One-way analysis of variance (ANOVA) was used for between-group comparisons of stepping activity, clinical measures and gait biomechanics. To avoid type I error, between-group comparisons were limited to initial measurements (BSL) and the observed changes following the training (ΔPOST-BSL and ΔFU-POST). Considering the relatively small size of our study population and the inherent large inter-patient variability in gait biomechanics, between-group comparisons were focused on “responders” vs “non-responders”, and “retainers” vs “non-retainers”. Considering that biomechanical variables (e.g., joint excursions and powers) are speed-dependent (Ardestani et al., 2016), within-group changes were calculated from speed-matched trials and speed was considered as a co-variate for between-group comparisons. Each patient received only one of the two training interventions; i.e., high-intensity training or conventional therapy. To compare the distribution of training paradigm amongst the three groups, Chi-square with 2 degrees of freedom (conventional vs high-intensity) was used. Chi-square was also used to compare the distribution of other categorical variables including the use of AFO (yes or no), gender (male or female) and the affected side (left or right).

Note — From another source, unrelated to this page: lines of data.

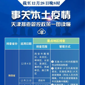 记者12月28日从天津市疫情防控指挥部获悉,目前疫情形势日益严峻复杂,为科学精准、严防疫情反弹,天津市疫情防控指挥部再次更新近期区域排查管控范围,涉及到的相关人员主动向社区、工作单位等报备。
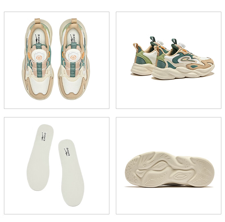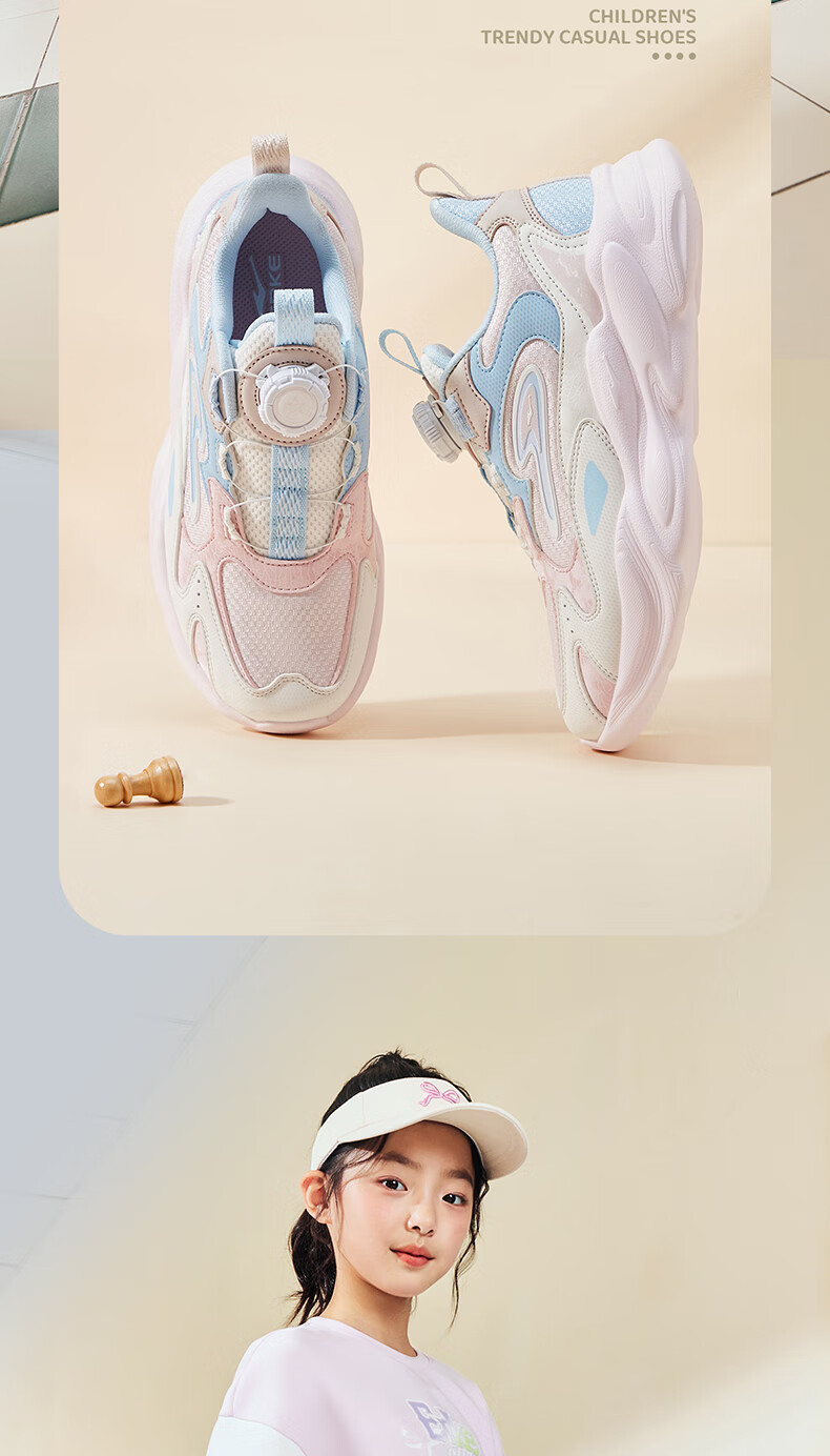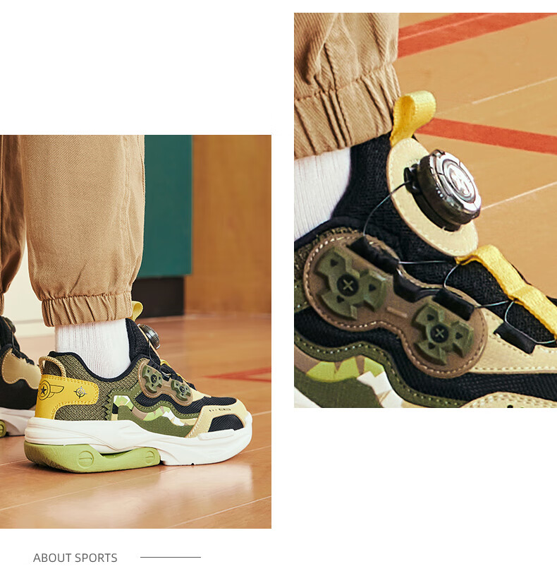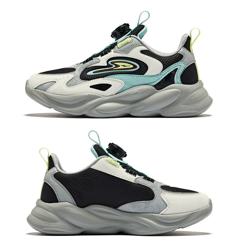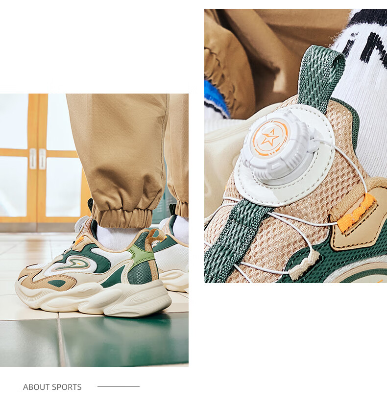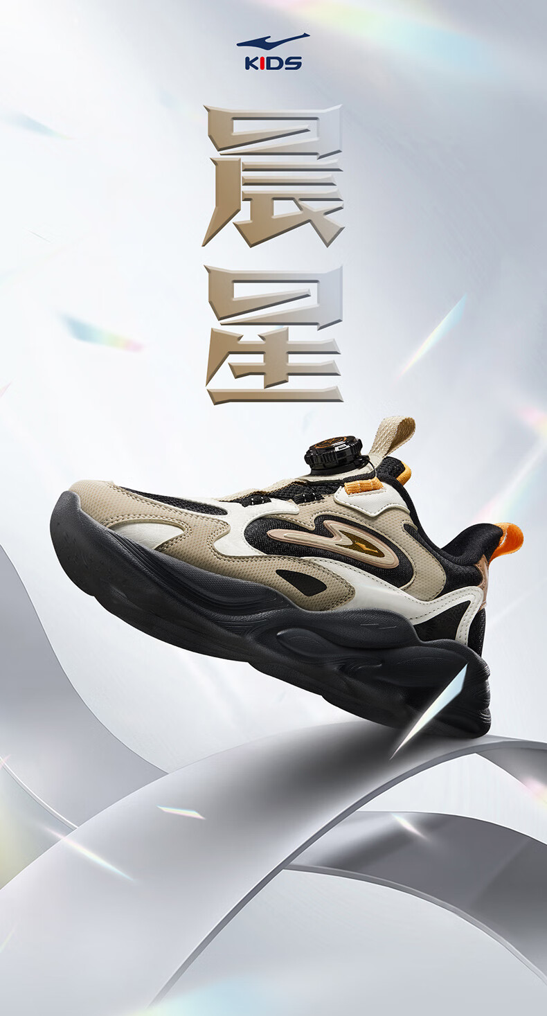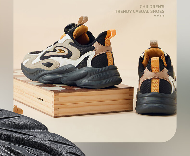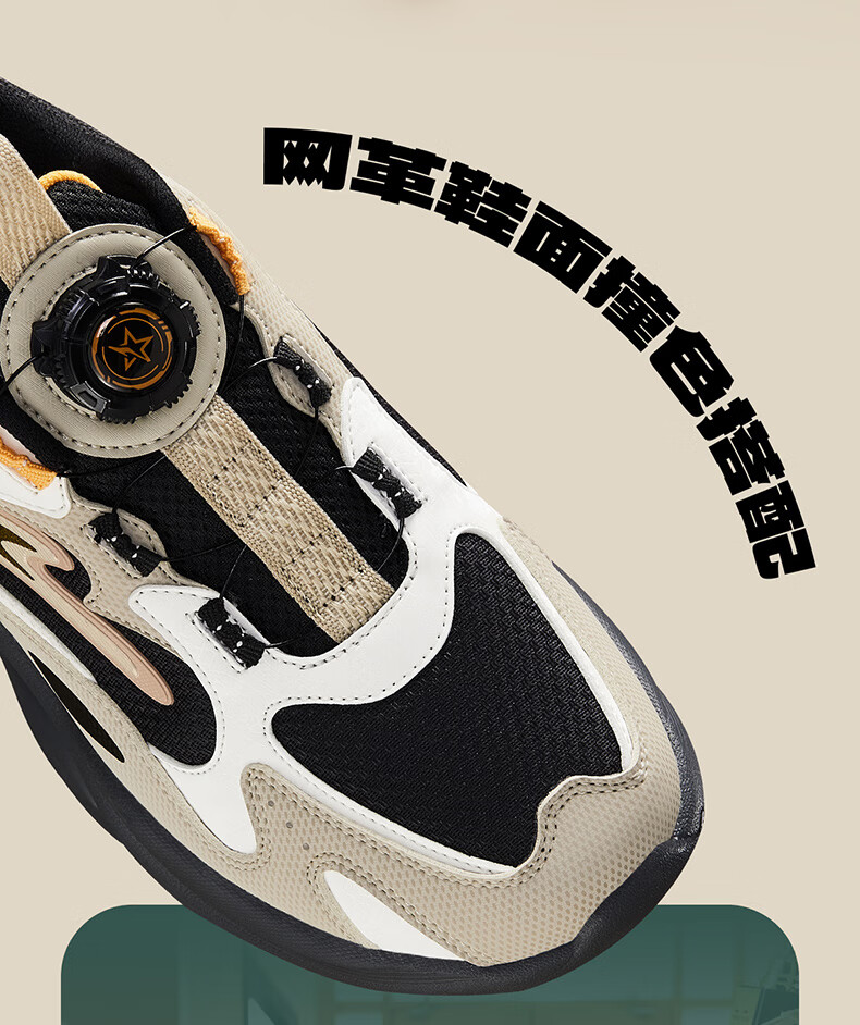 Hongxing Erke (ERKE) children's shoes, unisex children's morning star IP style knob buckle cushioning casual sports shoes black/light linen 38
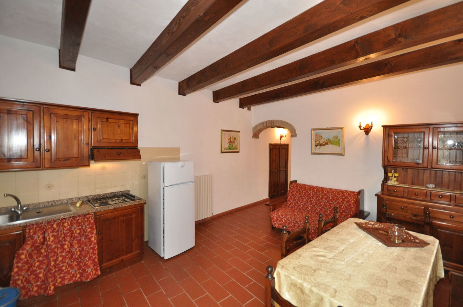 Ground floor: entrance onto dining area with kitchen corner (freezer), 2 bedrooms with 2 single beds each, bathroom with shower (without window).

Separate multiple-linear regression analyses were also conducted. The first two regressions attempted to predict changes in daily stepping after training (POST-BSL) from clinical measures and gait biomechanics at BSL (Gait_BSL → ΔStepping_(POST–BSL)). Subsequent analyses focused on the relations between changes in walking function and gait biomechanics (POST-BSL) and changes in daily stepping from BSL to POST (ΔGait_(POST–BSL) → ΔStepping_(POST–BSL)) and from POST to F/U (ΔGait_(POST–BSL) → ΔStepping_(FU–POST)). Stepwise linear regressions were utilized for all analyses, with α = 0.05 and variance inflation factors <3.0 to minimize collinearity.

3. Results

Of the 39 participants that met the inclusion criteria (Table 1), 17 were classified as “non-responders” (POST-BSL < 500 steps/day) and the remaining 22 were labeled as responders, with an average increase of 1958 ± 987 steps/day from BSL to POST. Of this latter group, 12 participants maintained their elevated daily stepping at F/U and labeled as “responder/retainers” while 10 demonstrated >500 steps/day decreases in walking activity at F/U (“responder/non-retainers”). There were no significant differences in demographics (Table 1). The number of individuals who received experimental vs conventional training were not significantly different between responder vs non-responder groups (X² = 1.28, p = 0.26).

Table 1.

Comparison of basic demographics among the three groups.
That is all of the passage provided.